Google Reveals 350M Monthly Gemini Users, Trails ChatGPT

During day three of the U.S. Department of Justice’s antitrust remedies trial, Google revealed that its flagship large language model, Gemini, has surged to 350 million monthly active users as of March 2025. The figure was presented on a slide by Sissie Hsiao, former head of Google AI’s consumer products, highlighting Google’s rapid user growth even as it continues to lag behind OpenAI’s ChatGPT.
Background and Model Evolution
Gemini debuted in late 2023 built on Google’s next-generation Pathways infrastructure. It originally shipped at tens of billions of parameters, but the rollout of Gemini 2.0 in late 2024 introduced a 120-billion parameter model with low-latency inference optimizations. Earlier this year, Google launched Gemini 2.5, which employs a mixture-of-experts (MoE) routing layer to dynamically allocate compute, reducing inference compute by up to 30% for simple queries while ramping up to full capacity on complex tasks.
Key technical specifications of Gemini 2.5 include:
- Parameter count: 140B (base) + MoE experts
- Context window: 128k tokens
- Average inference latency: 120ms (on TPU v4 Pods)
- Throughput: 200 tokens/sec per TPU v4 chip
- Support for retrieval-augmented generation (RAG) via Vertex AI
Deployment and Scalability
Google has progressively integrated Gemini across its ecosystem, including Search Labs, Google Workspace (Docs and Gmail smart compose), and Bard in Android 15 beta. These services run on Google Cloud’s TPU v4 pods and leverage Kubernetes autoscaling on GKE to handle unpredictable demand. According to internal benchmarks, scaling from 50 to 200 million daily queries requires spinning up an additional 10 TPU pods within 30 seconds.
Comparison with ChatGPT
Despite Gemini’s growth, Google’s own analysis estimates OpenAI’s ChatGPT at approximately 600 million monthly active users as of Q1 2025—up from around 400 million earlier in the year. OpenAI’s recent release of GPT-4 Turbo with a 128k token context window and more efficient quantization has further boosted ChatGPT’s appeal for enterprise API usage.

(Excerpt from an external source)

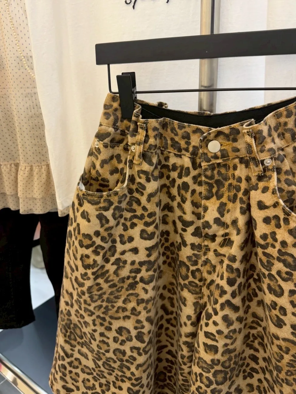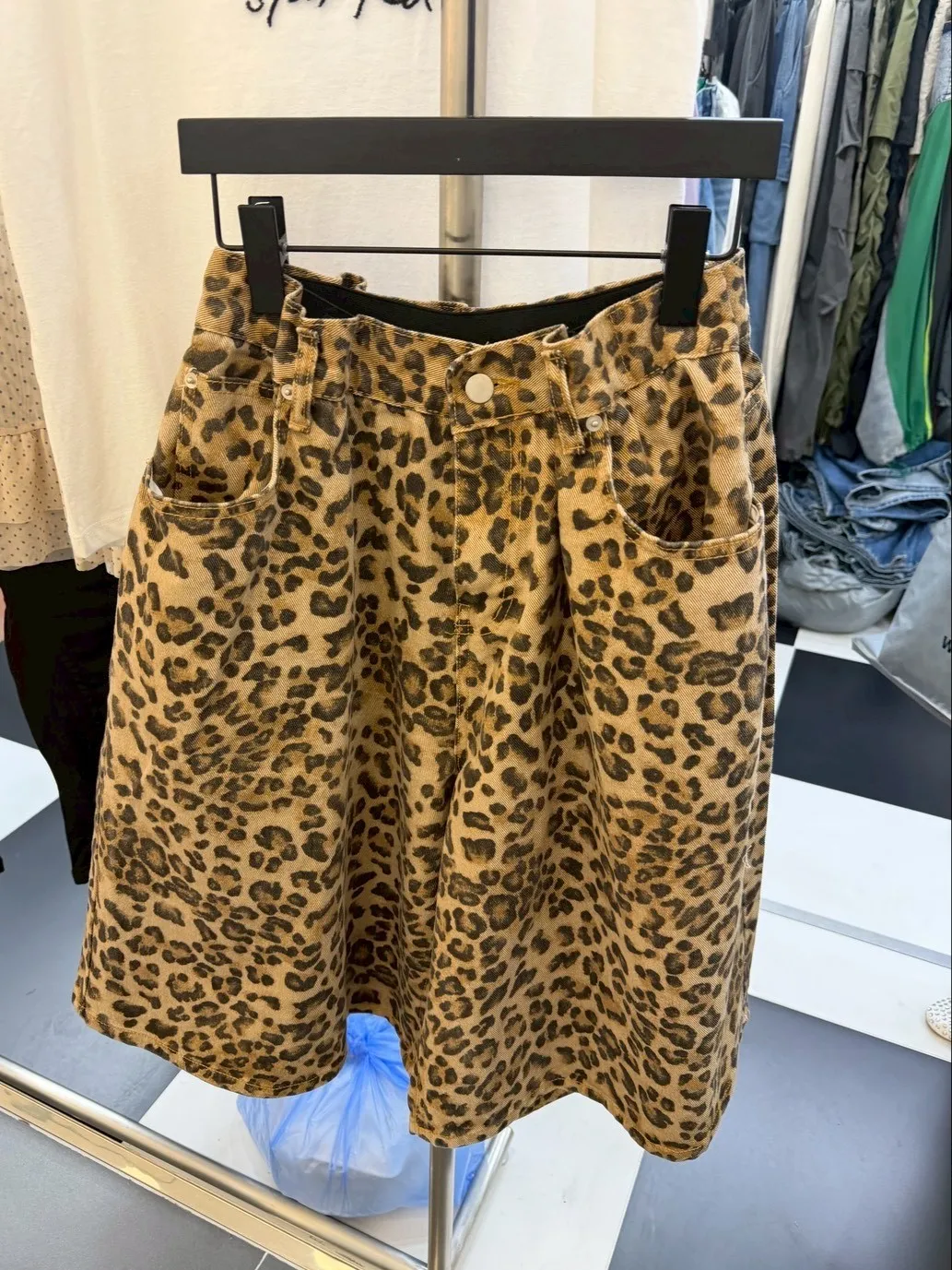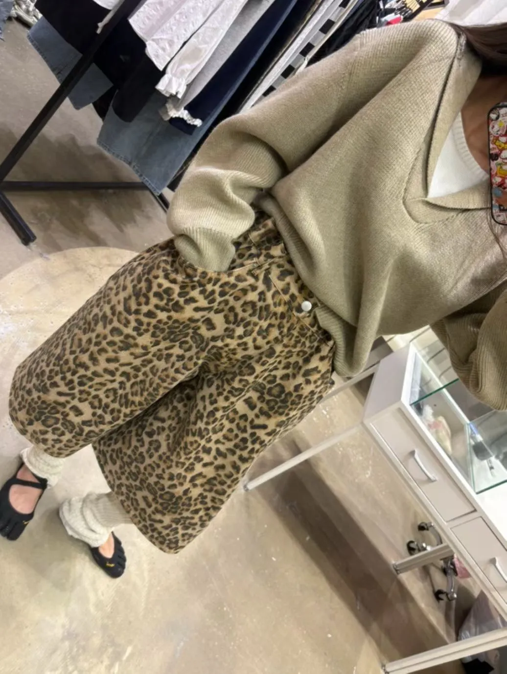 B3222 街頭豹紋伸縮大寬褲

Variations in traffic measurements complicate direct comparisons:
- Weekly active users: OpenAI cites up to 400 million (selected 7-day windows).
- Monthly active users: More conservative metric, trusted in legal filings.
- API vs. consumer interface: Google’s slide counts both Bard and API calls, whereas OpenAI may emphasize web usage.
Economics of Generative AI
Generative AI services are compute-intensive and incur substantial costs. Current industry estimates place inference costs around $0.0006 per 1,000 tokens on TPU v4, while GPU-based providers report $0.001–$0.002 per 1,000 tokens on A100 hardware. Both Google and OpenAI acknowledge negative margins for high-volume tiers:
- OpenAI’s $200/month “Pro” plan loses an estimated $50–$80 per user in compute spend.
- Google has not publicly detailed Gemini subscription economics but internal memos suggest sub-$0.10 revenue per user per month relative to infrastructure costs.
Antitrust Implications and Legal Strategy
These usage figures play a pivotal role in Google’s defense against DOJ claims that Alphabet unfairly bundles its AI services with core products. By showcasing rapid adoption, Google argues that users freely choose Gemini over competitors. However, regulators may scrutinize deep integrations—such as default Bard prompts in Search—as potential barriers to entry for rivals.
Expert Perspectives and Future Outlook
AI industry observers offer varied takes on Google’s trajectory. Dr. Emily Bender (University of Washington) notes, “Gemini’s large context window and MoE design are impressive, but true benchmarks are still emerging against GPT-4 Turbo in zero-shot tasks.” Meanwhile, former OpenAI researcher Andrej Karpathy highlights that “model efficiency and ecosystem lock-in will determine which platform dominates the next wave of AI applications.”
Looking ahead, Google plans to introduce a specialized Gemini Nano model for on-device inference in Pixel 9, aiming to reduce latency and address privacy concerns. The competition with OpenAI and Microsoft, which has embedded GPT-4 in Office 365, promises continued innovation in model architectures, cost optimizations, and regulatory scrutiny.